The decent men I know would never accept shenanigans such as occurred (e.g.) recently in Steubenville. Though very physical, and on occasion even frightening (to me, as a man), they made it clear to me over and over--in quiet conversations in the locker room or at church or some other place where we happened to coincide, and in their interaction with people--that they had a deep sense of their own personal dignity, and the corresponding personal dignity of every individual human being that they interacted with (male, female, big, small, black, white, foreign, domestic, powerful, weak: it did not matter). I saw that other men might talk or make gestures like the really decent ones without being really decent. I noticed that chivalry (respect, whatever one wants to call it) is more than a collection of shallow rules. I also learned that the really decent folk with power (raw physical power or social privilege or whatever) were keenly aware of their own weakness--of the temptation that their position offered for "taking unfair advantage"--and that they took conscious measures to avoid becoming the perpetrators of abuse. They also made a point of noting how their strength inevitably depended on the cooperation of others, how it was not really their own. (Some of them expressed this by attributing it to God, not because they identified God as their own whim, but for the opposite reason: "God" for them meant "not me, the world outside me that I cannot understand but that I choose to confront with dignity.")
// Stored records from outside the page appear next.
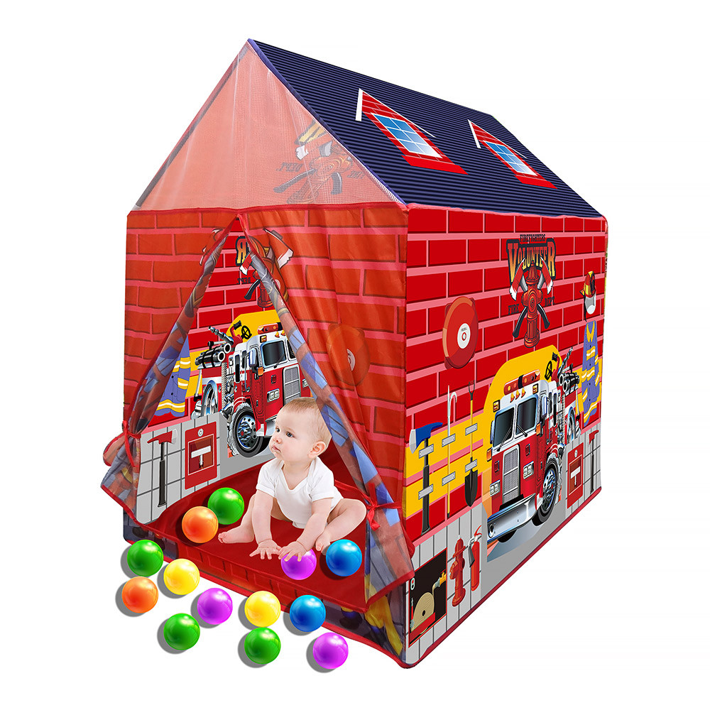 Детская палатка выполнена в форме красочного игрового домика Пожарная станция. Дизайн палатки очень необычный, с яркими изображениями атрибутов пожарных. Она поможет при сюжетно-ролевых играх и надолго увлечет ребенка. Уютная и вместительная палатка замечательно подойдёт как для игр в помещении, так и для летнего отдыха детей за городом, на даче или пикнике. Это отличное место как для самостоятельной, так и групповой игры малышей. В домике запросто можно разместиться двум детям.
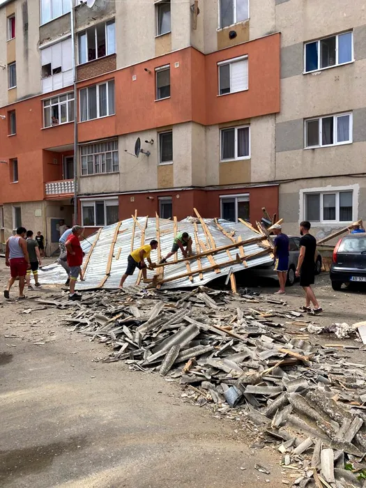 FOTO-VIDEO | Un acoperiș smuls de vânt a căzut peste mai multe mașini, într-o localitate din Alba. Județul se află sub cod portocaliu de instabilitate atmosferică
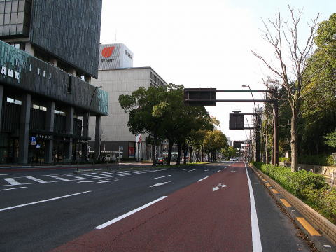 | 高松市中心部を南北に縦貫する香川県随一の幹線道路。 沿道は成木が林立し、都会の暮らしに季節感を演出している。 中央公園の駐車場に車を止め、懸賞プレート探しを始め北に進路を 訪ったら交差点角の植木の中に道碑が・・・苦戦は間違いないと 覚悟していたのでホッとした!運も左右するとは正にこのことか! |
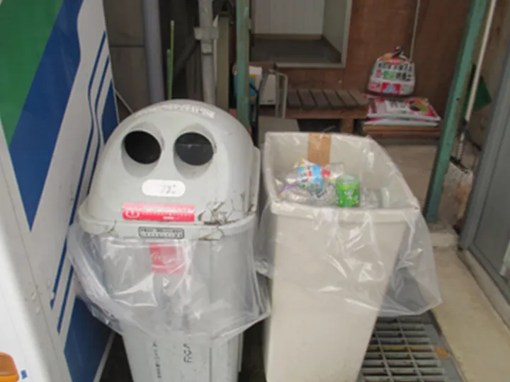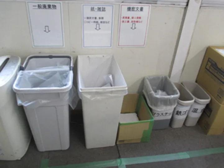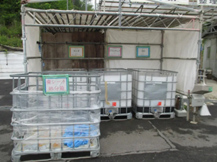 現場や社内で出たごみは、“社内で再利用可能な物”は再利用、ゴミに関しては“燃えるゴミ”“紙ゴミ”“木くず”“プラスチック”等細かく分別しリサイクル業者等に回収してもらっています。ペットボトルを捨てる際は、キャップ・ラベルを外して捨てる取組も実施中。
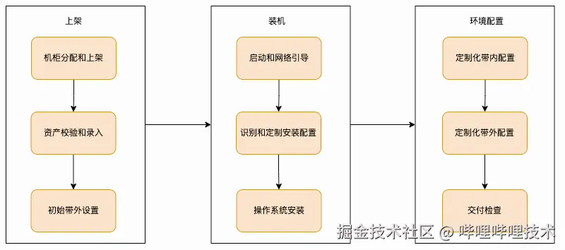 在新交付装机的场景下,整个流程大体分为三个步骤:上架,装机,环境配置(如下图)。
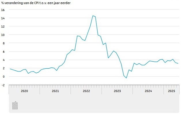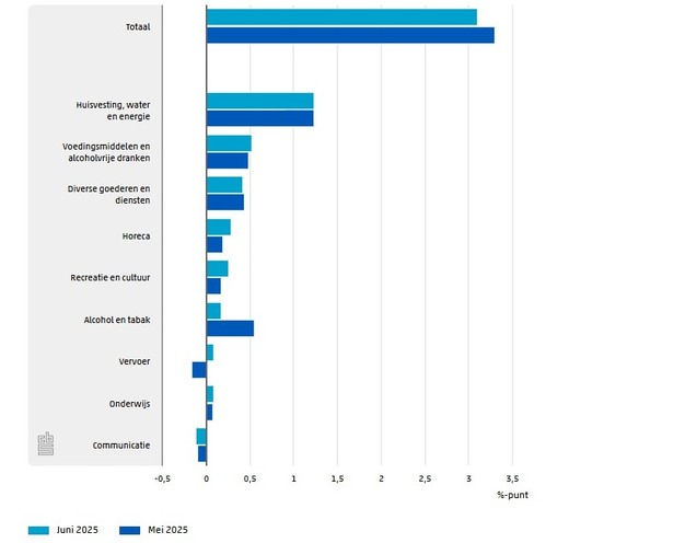 In juni 2025 waren consumentengoederen en -diensten 3,1 procent duurder dan een jaar eerder, meldt het CBS. In mei was de inflatie 3,3 procent. Het inflatiecijfer van juni is hetzelfde als bij de snelle raming die op 1 juli is gepubliceerd.

As a human, I see that chivalry has limits. I see that it cannot be the solution of every person (or even of every man). But I am not ready to throw it away, myself, as a man. I have found it more useful than not.
 


III. To me it seems that there is only one distinction between the sexes (male and female) clear enough to be written into law: men cannot give birth, so final decisions regarding reproduction belong exclusively to women.

Everything else (the more or less imaginary gender p
references and aptitudes whose ebb and flow we observe in contentious scientific literature) should be sorted out extralegally (definitely) and without social coercion (e.g. in the form of referenda promoting one group's fantasy of gender roles at the expense of everyone else). If women don't want to be CEOs (as I don't, though I am not a woman), then they shouldn't have to be; but that should be their decision, not an expectation imposed externally. Society should have no definite gender roles enforced by law (certainly) and should resist the idea of softer enforcement (e.g. via the continuation of work requirements that make it unnecessarily difficult for qualified individuals to live as they find opportunity and desire).